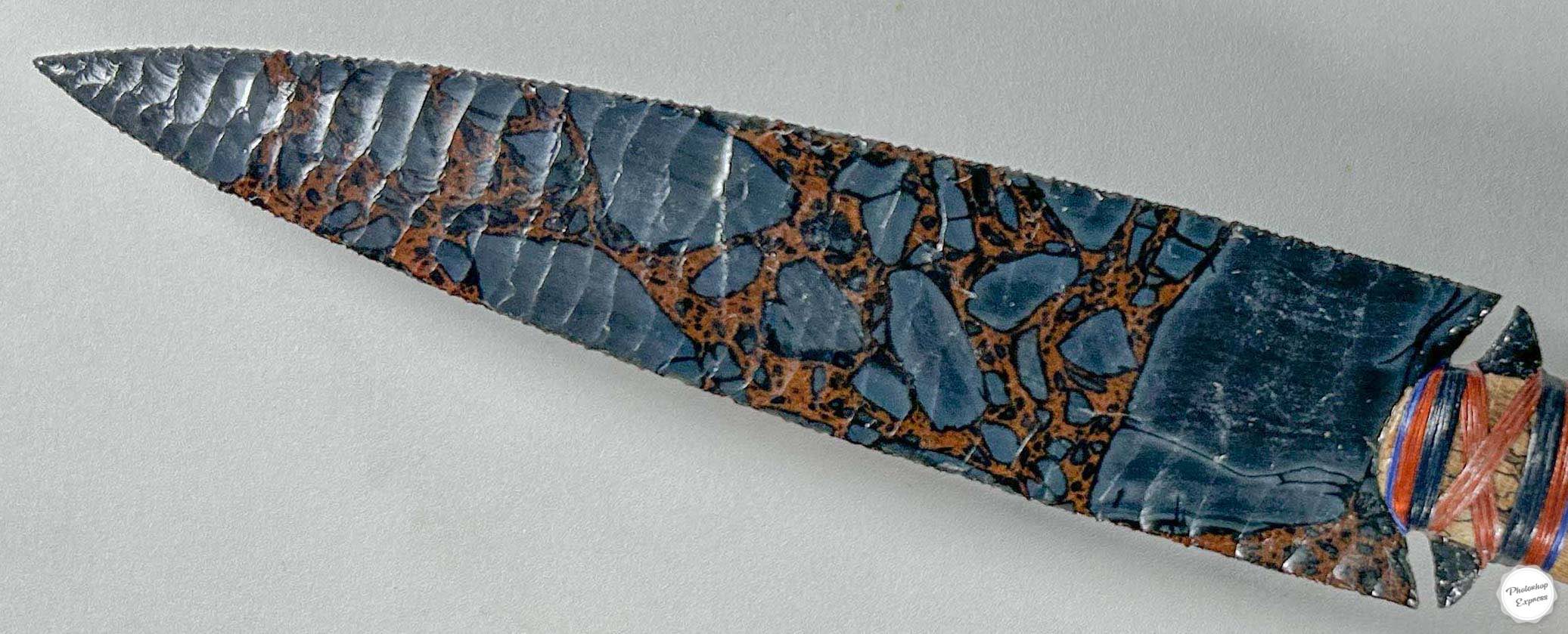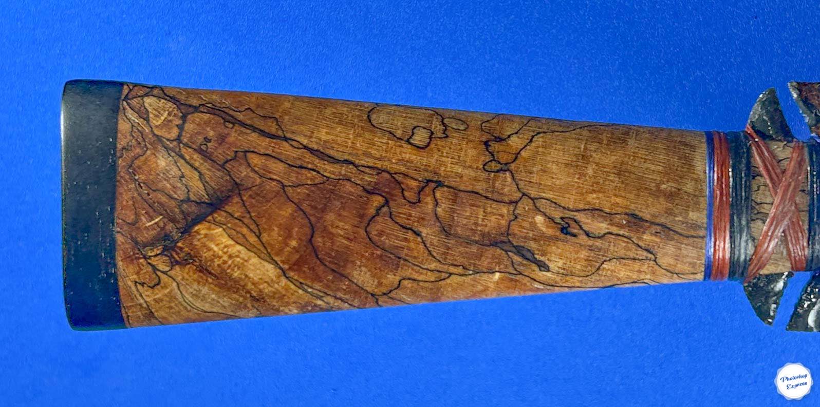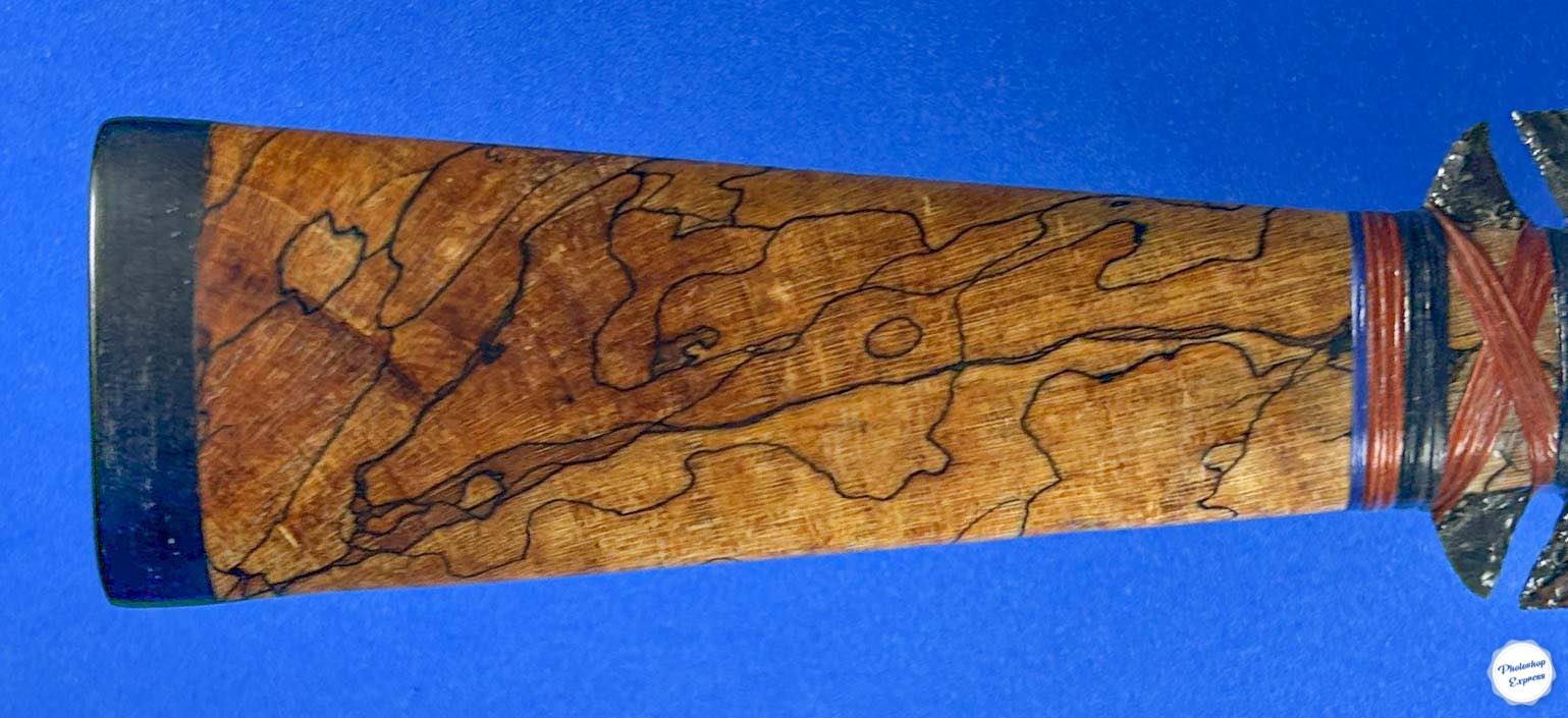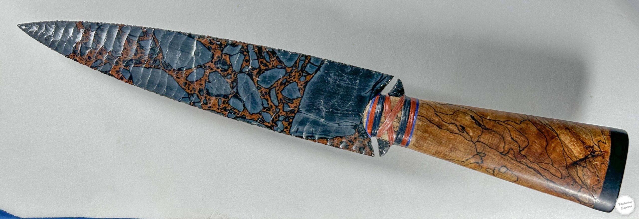 Here’s a showcase dagger made of select materials. The blade is knapped of highly patterned Dragonskin Obsidian from Armenia. When I finished it, I knew it needed to be matched up with a stabilized, spalted maple handle, the material harvested in my own woodlot. The pommel cap is ebony. Combined, it all came together as a 11.5″, streamlined dagger of unique beauty.
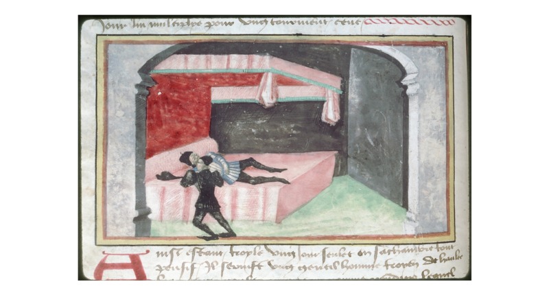 Oxford, Bodleian Library, Douce 331, f. 43v. Pandaro tenta di consolare Criseide, la quale giace a letto torcendosi le mani dal dolore.
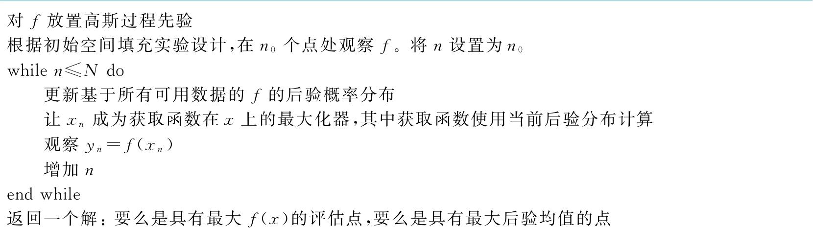 贝叶斯优化由两个主要部分组成:用于建模目标函数的贝叶斯统计模型,以及用于决定下一次采样位置的获取函数。在根据初始空间填充实验设计进行目标函数评估后,通常由均匀随机选择的点组成,它们被迭代地用于分配剩余的 N 个函数评估预算,如算法2.1所示。
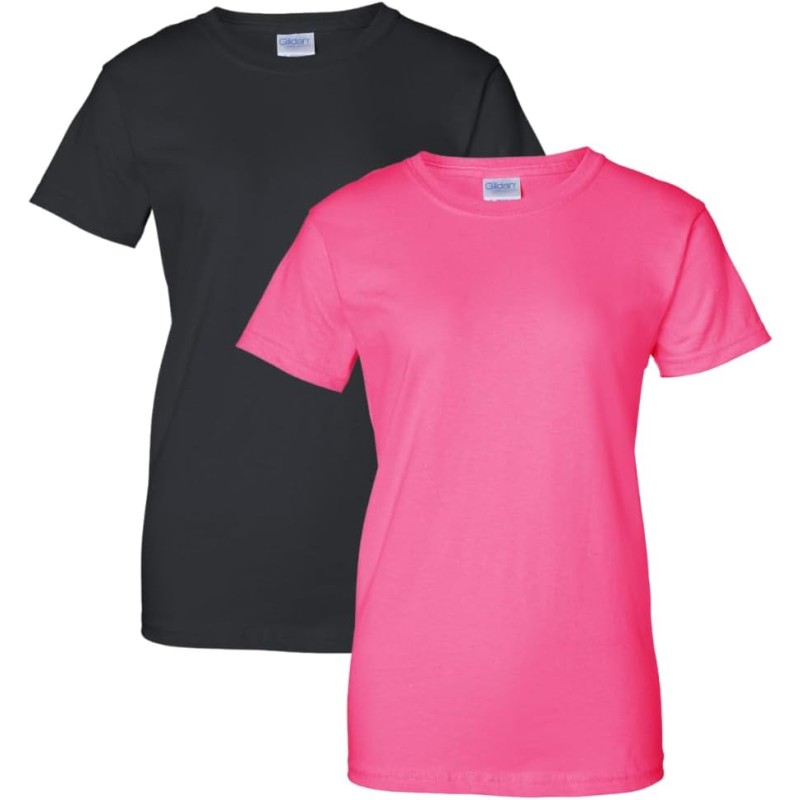 Gildan Women’s Heavy Cotton T-Shirt, Style G5000L, 2-Pack((Black/Safety Pink))
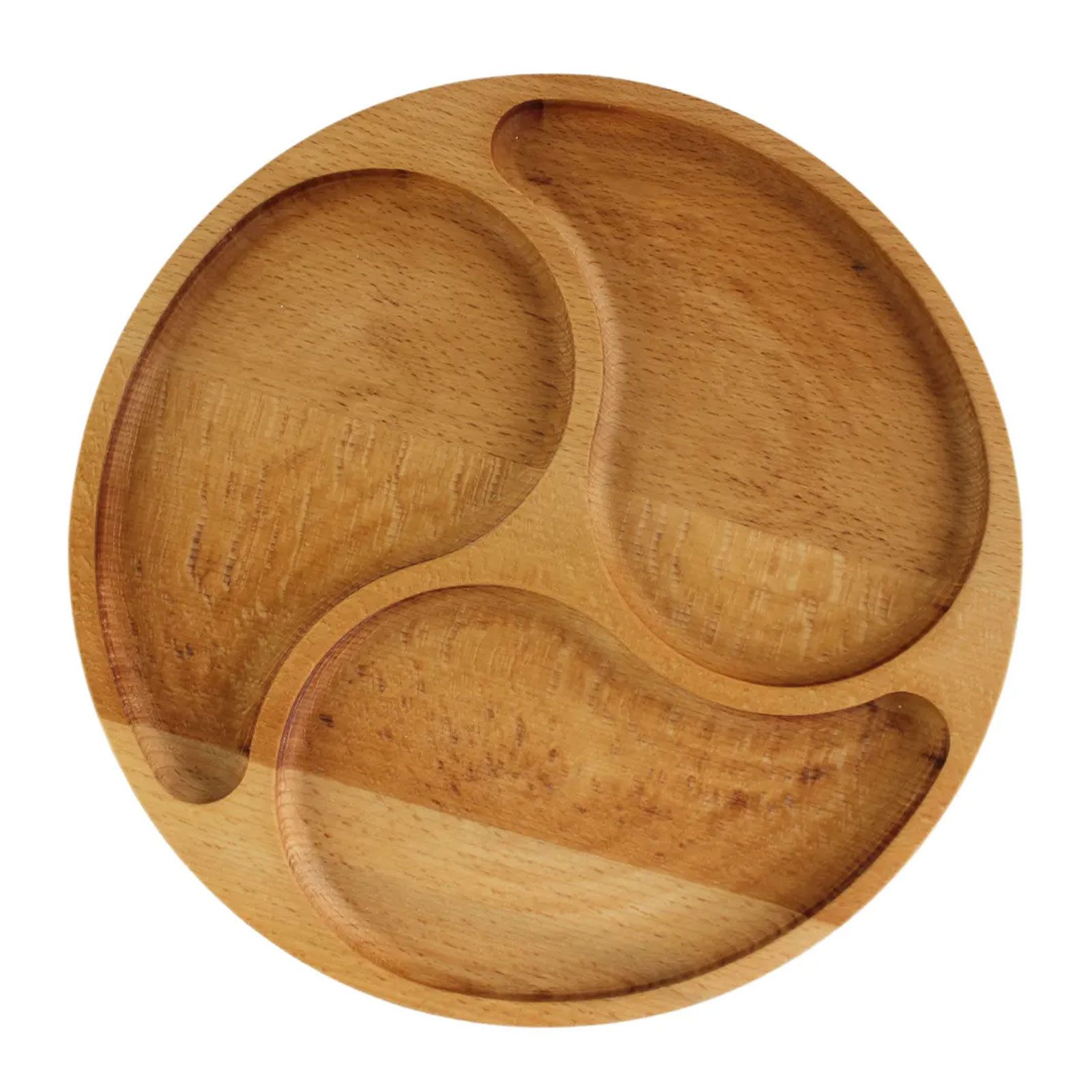 Runde Holzservierplatte mit mehreren Fächern aus Buchenholz
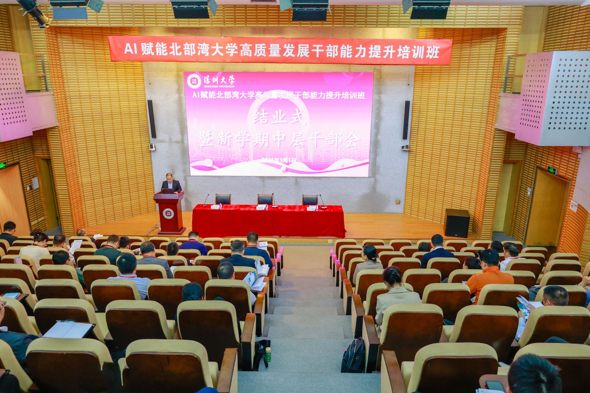 3月1日上午,AI赋能beat365平台官方网站高质量发展干部能力提升培训班结业仪式暨中层干部会议在深圳大学粤海校区汇星楼一楼二号报告厅举行。校领导徐华蕊、苗剑、唐高华、陈磊、陆衡、马秀明、陈丹及全体中层干部、优秀教师代表参会。学校党委副书记唐高华主持。
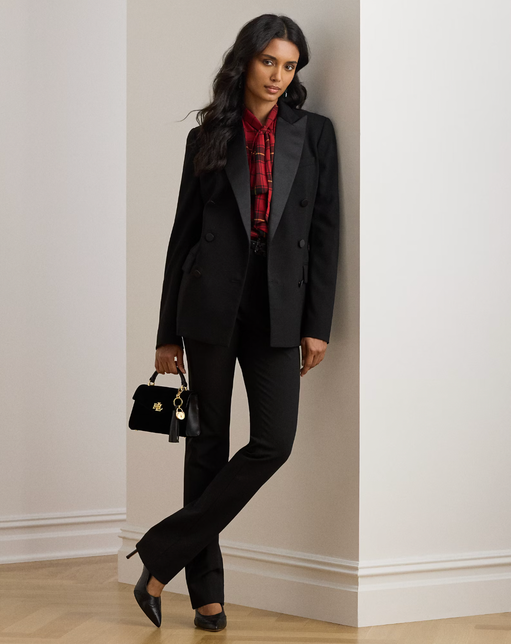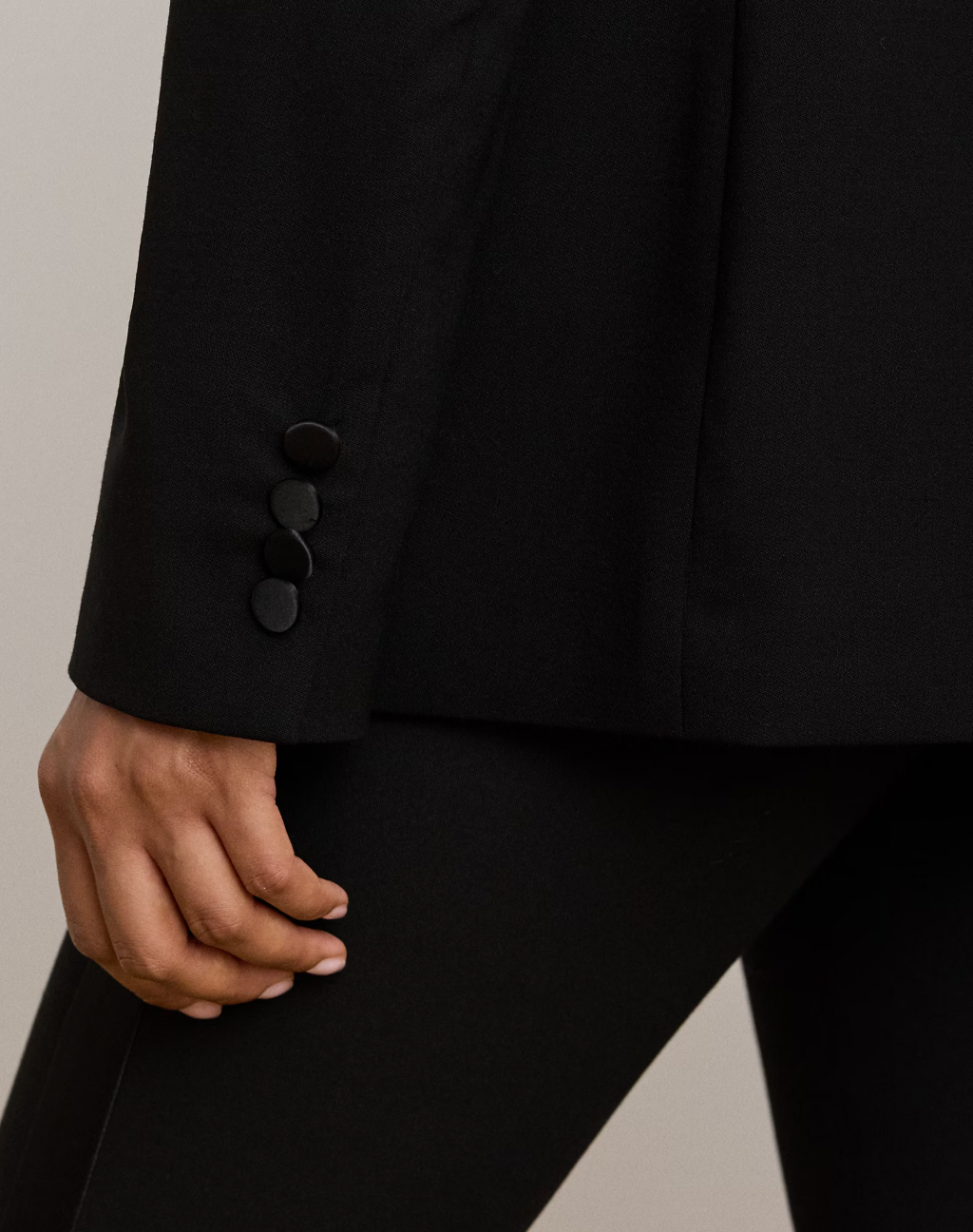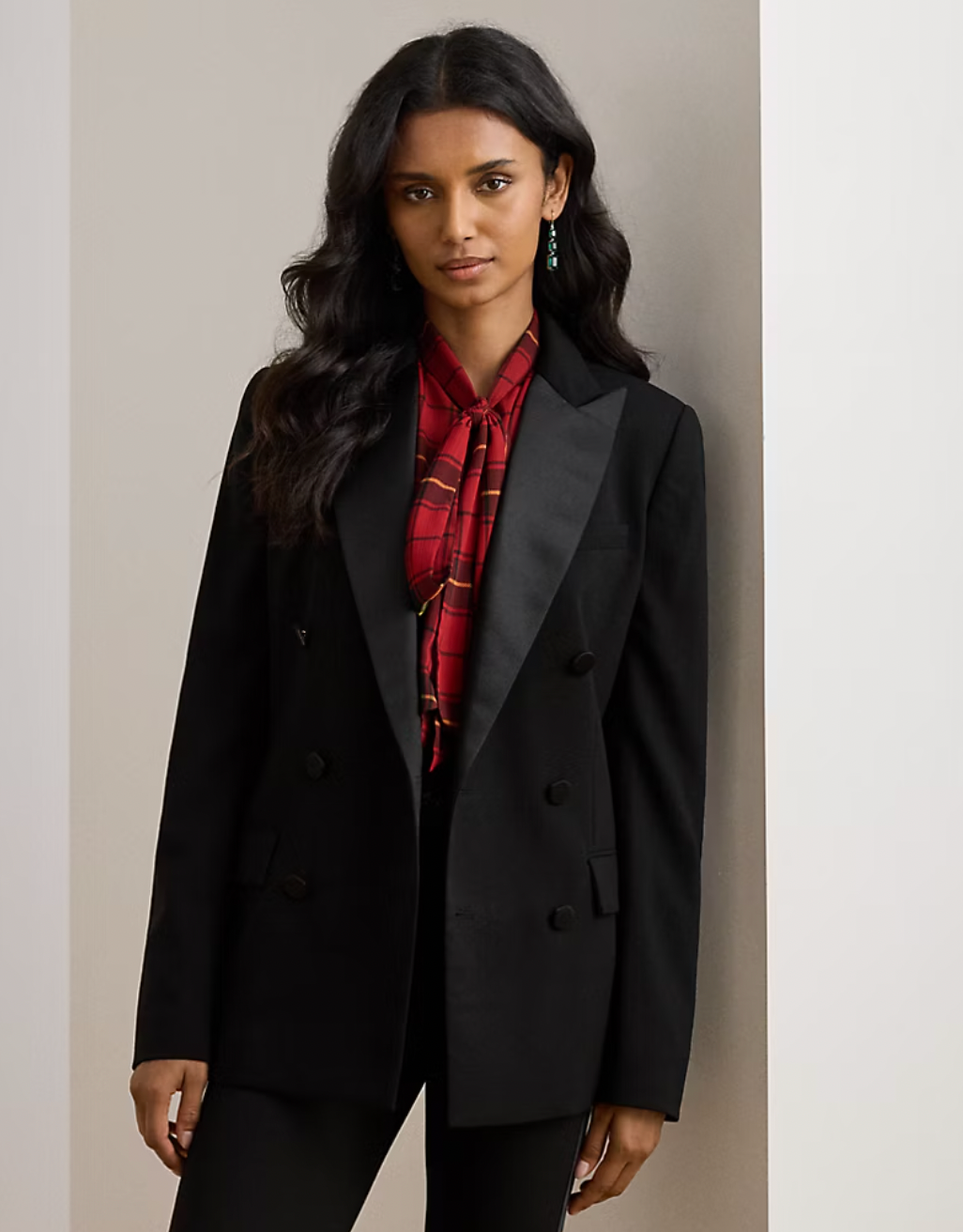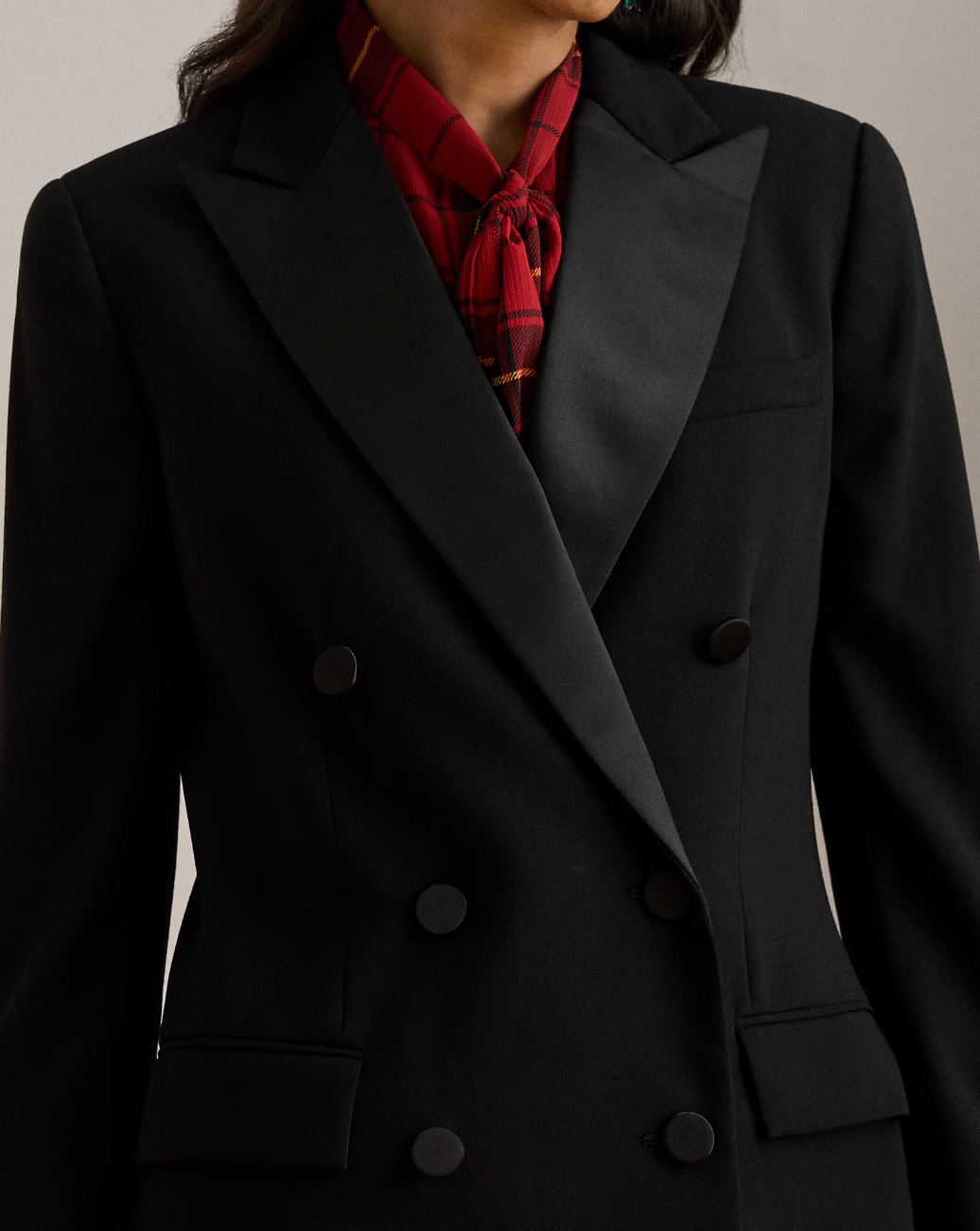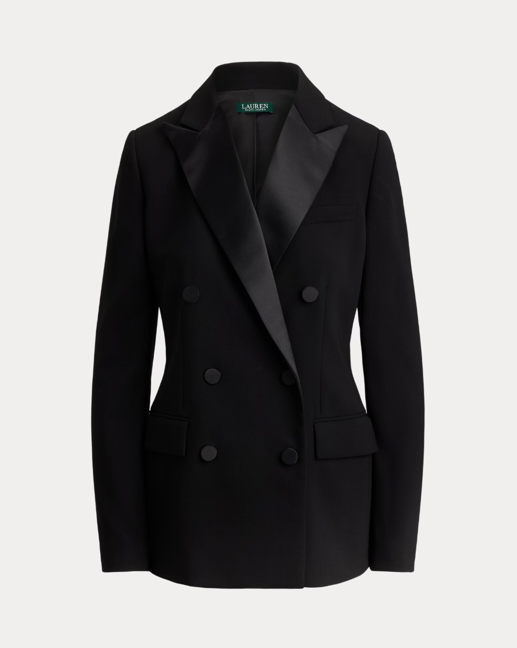 Drawing inspiration from traditional tuxedo jackets, this double-breasted blazer features a streamlined, double-faced crepe silhouette detailed with lustrous satin peak lapels.

##############################

▶ _EXERCISE OBJECTIVE_
Keeping pictures out, repeat exactly the lines from the one containing "3月1日上午,AI赋能bea" through the end of the listing.

▶ _ANSWER SECTION_
 3月1日上午,AI赋能beat365平台官方网站高质量发展干部能力提升培训班结业仪式暨中层干部会议在深圳大学粤海校区汇星楼一楼二号报告厅举行。校领导徐华蕊、苗剑、唐高华、陈磊、陆衡、马秀明、陈丹及全体中层干部、优秀教师代表参会。学校党委副书记唐高华主持。
 Drawing inspiration from traditional tuxedo jackets, this double-breasted blazer features a streamlined, double-faced crepe silhouette detailed with lustrous satin peak lapels.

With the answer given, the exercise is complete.